• **Instructions to follow**
After locating the line with "交付された鑑札と狂犬病予防注" below, output it and each following line exactly, stopping after the line with "上一篇:广东省鹤山市2024". No pictures.

• **Provided records**
* * * * * * * * *
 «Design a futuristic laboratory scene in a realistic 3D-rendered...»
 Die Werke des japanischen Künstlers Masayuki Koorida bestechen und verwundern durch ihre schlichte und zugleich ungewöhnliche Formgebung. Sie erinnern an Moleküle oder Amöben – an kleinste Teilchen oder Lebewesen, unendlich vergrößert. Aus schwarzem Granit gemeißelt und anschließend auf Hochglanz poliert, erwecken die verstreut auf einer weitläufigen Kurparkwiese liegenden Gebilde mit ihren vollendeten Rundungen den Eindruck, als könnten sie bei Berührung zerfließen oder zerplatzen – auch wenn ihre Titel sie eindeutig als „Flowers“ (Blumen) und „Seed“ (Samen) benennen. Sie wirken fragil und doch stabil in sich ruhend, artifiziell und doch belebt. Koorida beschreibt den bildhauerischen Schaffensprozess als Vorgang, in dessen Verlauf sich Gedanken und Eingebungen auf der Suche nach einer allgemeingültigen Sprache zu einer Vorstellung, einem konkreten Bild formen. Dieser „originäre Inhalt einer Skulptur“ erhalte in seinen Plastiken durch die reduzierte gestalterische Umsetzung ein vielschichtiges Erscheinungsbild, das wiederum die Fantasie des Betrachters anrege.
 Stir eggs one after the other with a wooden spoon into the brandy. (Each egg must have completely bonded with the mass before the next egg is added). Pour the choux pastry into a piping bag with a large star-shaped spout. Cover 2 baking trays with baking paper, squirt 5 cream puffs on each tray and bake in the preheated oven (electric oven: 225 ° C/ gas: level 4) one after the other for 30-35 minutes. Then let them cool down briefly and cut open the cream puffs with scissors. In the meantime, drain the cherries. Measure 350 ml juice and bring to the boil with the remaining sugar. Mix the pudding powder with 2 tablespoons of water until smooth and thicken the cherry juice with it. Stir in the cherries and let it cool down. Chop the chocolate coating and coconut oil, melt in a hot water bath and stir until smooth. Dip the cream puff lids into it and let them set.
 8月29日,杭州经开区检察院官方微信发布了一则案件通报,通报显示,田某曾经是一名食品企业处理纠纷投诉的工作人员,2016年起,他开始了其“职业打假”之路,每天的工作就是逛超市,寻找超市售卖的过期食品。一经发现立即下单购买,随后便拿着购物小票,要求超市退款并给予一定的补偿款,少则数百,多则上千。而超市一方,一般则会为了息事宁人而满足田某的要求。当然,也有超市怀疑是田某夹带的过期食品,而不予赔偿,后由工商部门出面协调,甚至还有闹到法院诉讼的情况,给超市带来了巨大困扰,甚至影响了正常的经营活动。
* * * * * * * * *
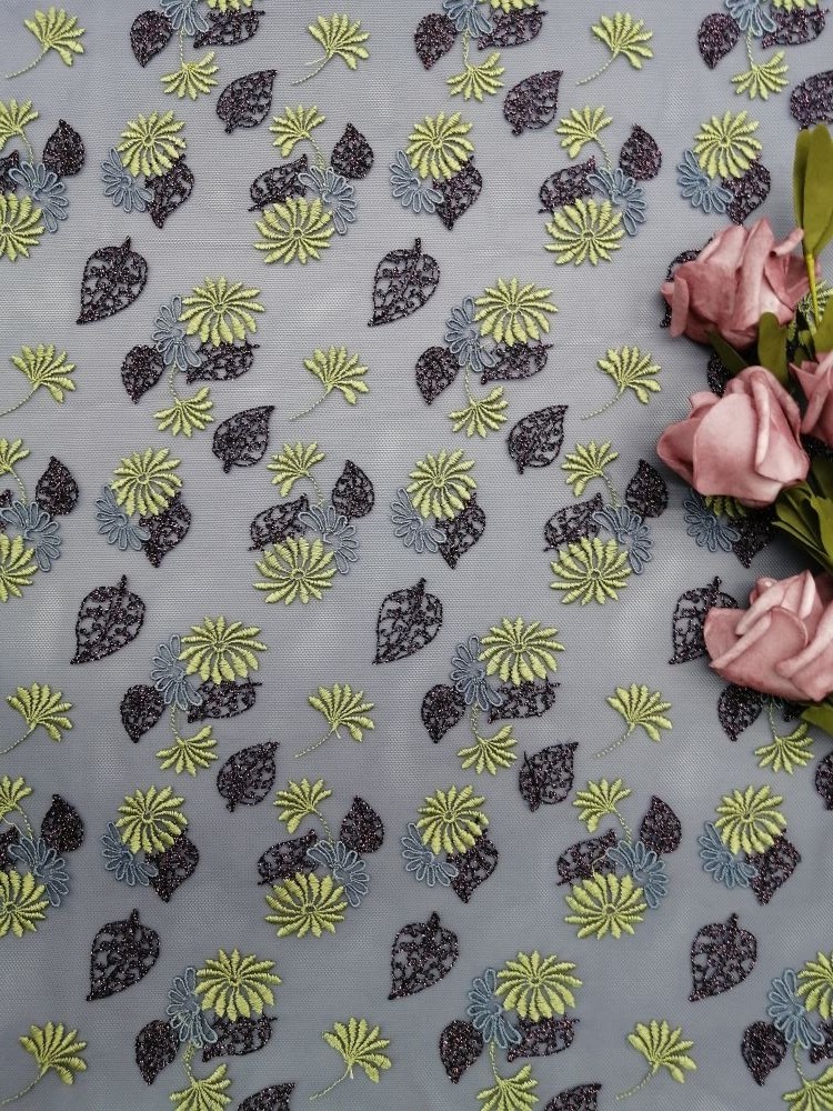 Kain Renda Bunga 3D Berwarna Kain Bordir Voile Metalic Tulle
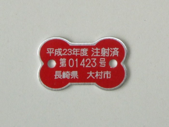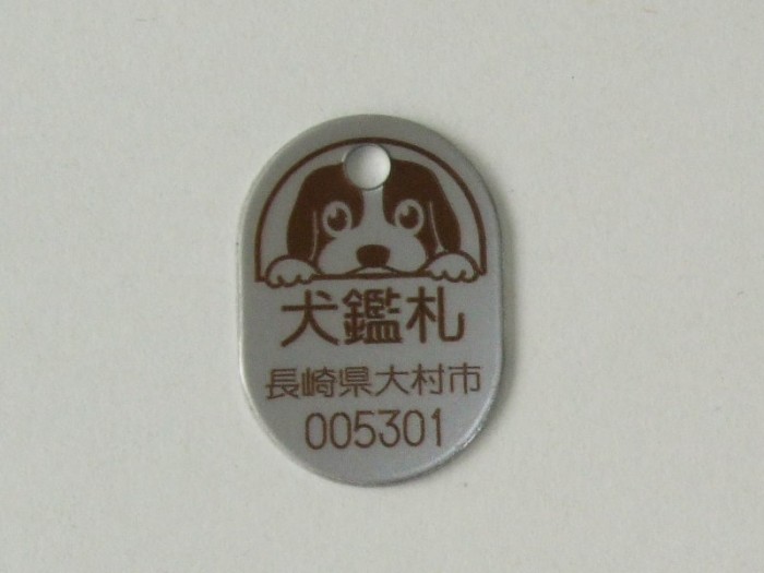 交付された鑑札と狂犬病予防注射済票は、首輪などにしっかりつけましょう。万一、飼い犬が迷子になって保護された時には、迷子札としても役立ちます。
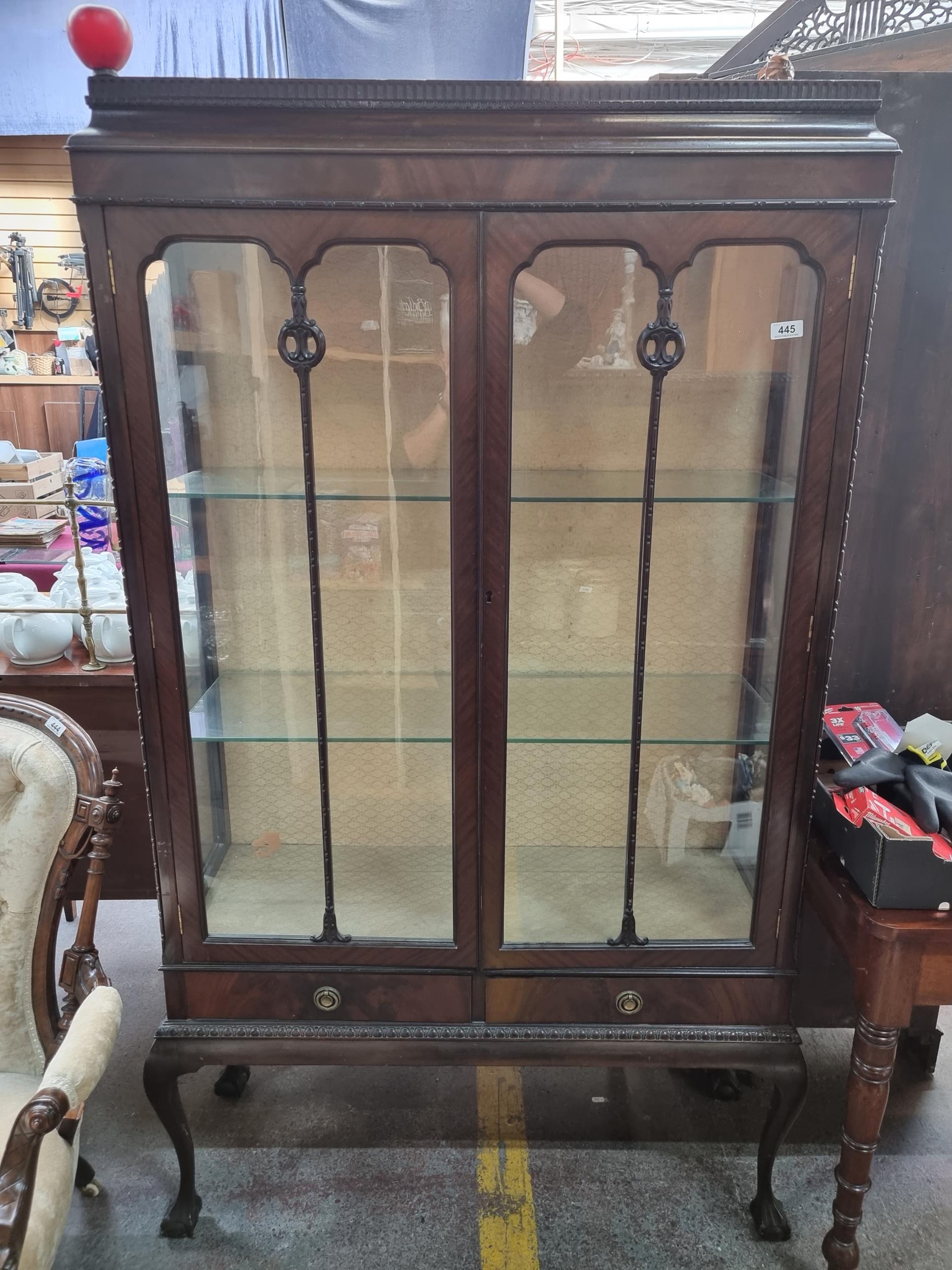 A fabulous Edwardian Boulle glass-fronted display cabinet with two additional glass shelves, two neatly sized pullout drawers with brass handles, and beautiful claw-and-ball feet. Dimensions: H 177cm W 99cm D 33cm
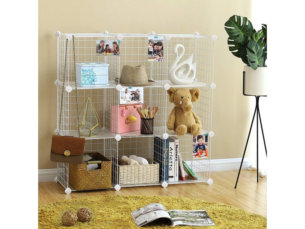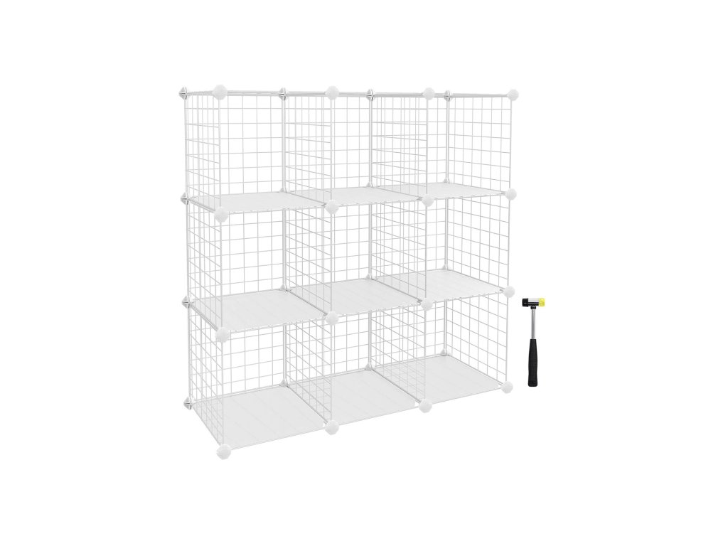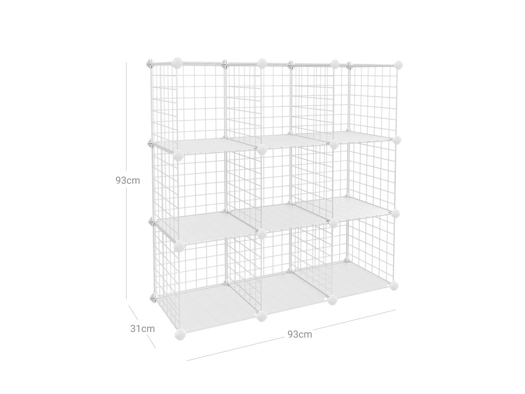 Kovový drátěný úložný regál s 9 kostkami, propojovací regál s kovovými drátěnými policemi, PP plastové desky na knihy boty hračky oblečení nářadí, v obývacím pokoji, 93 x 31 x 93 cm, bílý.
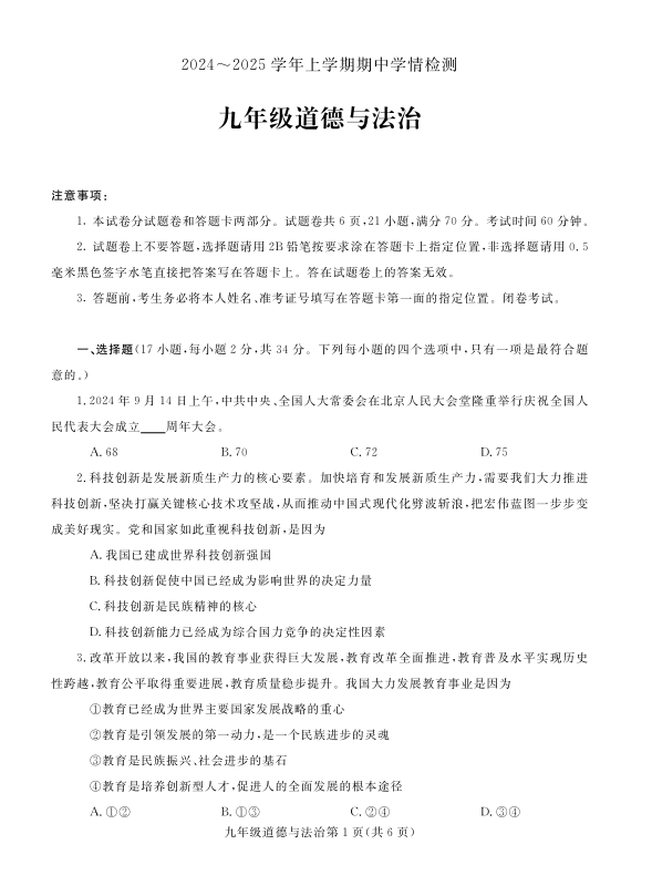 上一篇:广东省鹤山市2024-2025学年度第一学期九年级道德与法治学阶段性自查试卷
* * * * * * * * *
• **Solution to this exercise**
 交付された鑑札と狂犬病予防注射済票は、首輪などにしっかりつけましょう。万一、飼い犬が迷子になって保護された時には、迷子札としても役立ちます。
 A fabulous Edwardian Boulle glass-fronted display cabinet with two additional glass shelves, two neatly sized pullout drawers with brass handles, and beautiful claw-and-ball feet. Dimensions: H 177cm W 99cm D 33cm
 Kovový drátěný úložný regál s 9 kostkami, propojovací regál s kovovými drátěnými policemi, PP plastové desky na knihy boty hračky oblečení nářadí, v obývacím pokoji, 93 x 31 x 93 cm, bílý.
 上一篇:广东省鹤山市2024-2025学年度第一学期九年级道德与法治学阶段性自查试卷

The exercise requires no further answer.